Plaintiffs’ vague allegation that
[u]pon information and belief, employees and/or agents of CSX knew that Mr. Menard had been injured by the rail switch and had sufficient time to take action to prevent further injury to him

is insufficient. (Id. ¶ 19.) Plaintiffs do not allege that Mr. Menard saw any employees in the vicinity of the railroad switch when he was injured, that he called to anyone for help, or that any specific person saw Mr. Menard’s peril. Furthermore, Plaintiffs still fail to allege what “highly dangerous rail operations” Defendant persisted in after Mr. Menard’s first injury. As in the original Complaint, there is nothing in the proposed amended Complaint to suggest that Defendant was engaging in anything other than ordinary rail operations. Finally, nothing in the Complaint supports Plaintiffs’ allegation that Defendant had time to stop its ordinary rail operations to prevent further injury, even if the law required it to do so. The Complaint does not even allege how much time passed between Mr. Menard’s first and second injuries. Thus, the proposed amended Complaint fails to state a claim for negligence.

3. Loss of Consortium.

The proposed amended Complaint does allege that Mr. Menard was financially dependent upon his mother for support (id. ¶ 52.), as is required under Massachusetts law for a claim of loss of consortium by the parent of an adult child. Mass. Gen. Laws. ch. 231, § 85X. However, because the proposed amended Complaint fails to state any underlying claims for liability, the loss of consortium claim fails as a matter of law.

*429The proposed amended Complaint also fails to state claims for intentional or negligent infliction of emotional distress for the same reasons as the original Complaint.

IV. CONCLUSION

There is no question that this was an appalling accident, and Plaintiff suffered heartbreaking injuries. It would, however, be false compassion to permit this case to proceed through the distress and disruption of the litigation process when the facts as alleged simply are insufficient to support a verdict in favor of Plaintiff.

For the foregoing reasons, Defendant’s Motion to Dismiss (Dkt. No. 11) is hereby ALLOWED. Plaintiffs’ Motion to Amend the Complaint (Dkt. No. 19) is hereby DENIED as futile.

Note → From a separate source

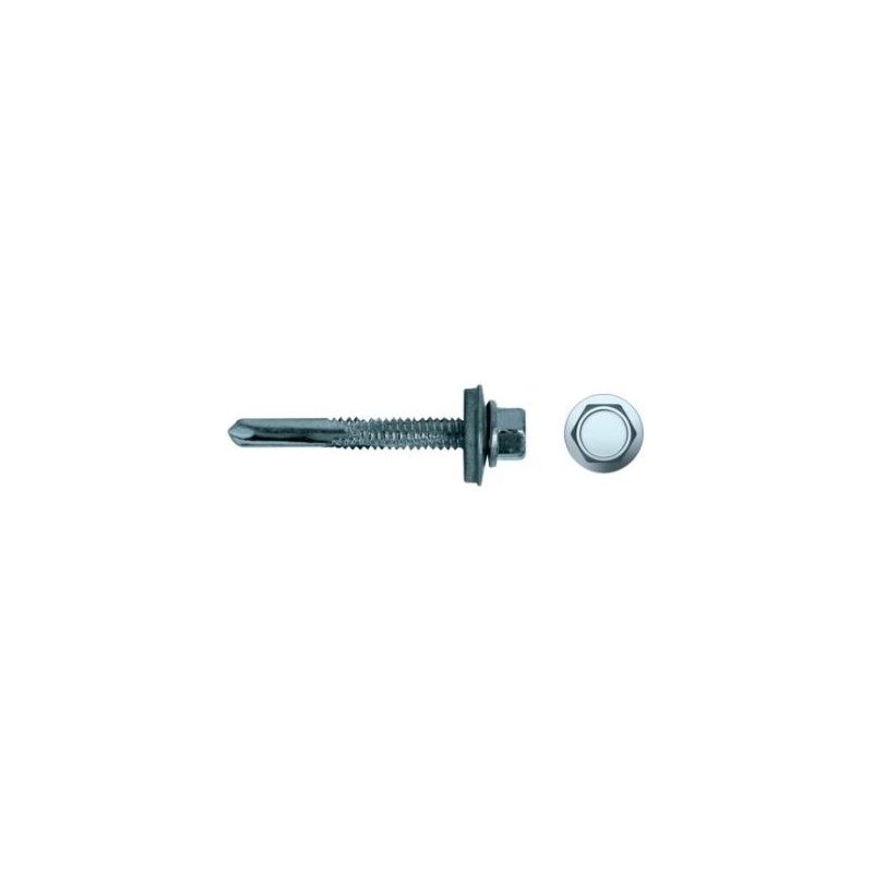 Incorpora una arandela con junta EPDM que garantiza la estanqueidad de la unión, evitando filtraciones de agua y asegurando la durabilidad de la instalación. Su punta broca larga facilita la perforación en materiales de mayor espesor.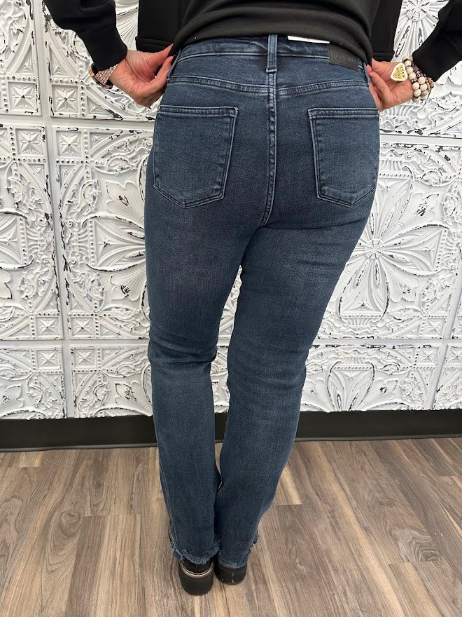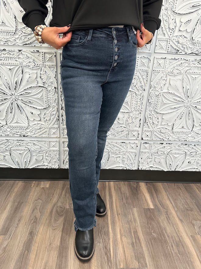 High Rise Button Fly Straight Leg with Frayed Hem (32 1/2" inseam) by Judy Blue

The clerk will enter judgment for Defendant. This case may now be closed.

It is So Ordered.

. As will be seen, the proposed amended Complaint does not assist Plaintiff on this issue. It adds the facts that Plaintiff actually managed to free himself from the switch that initially injured him and travel some distance before falling under the train and suffering further injuries. These additional allegations suggest that, in some sense, Plaintiff was not trapped.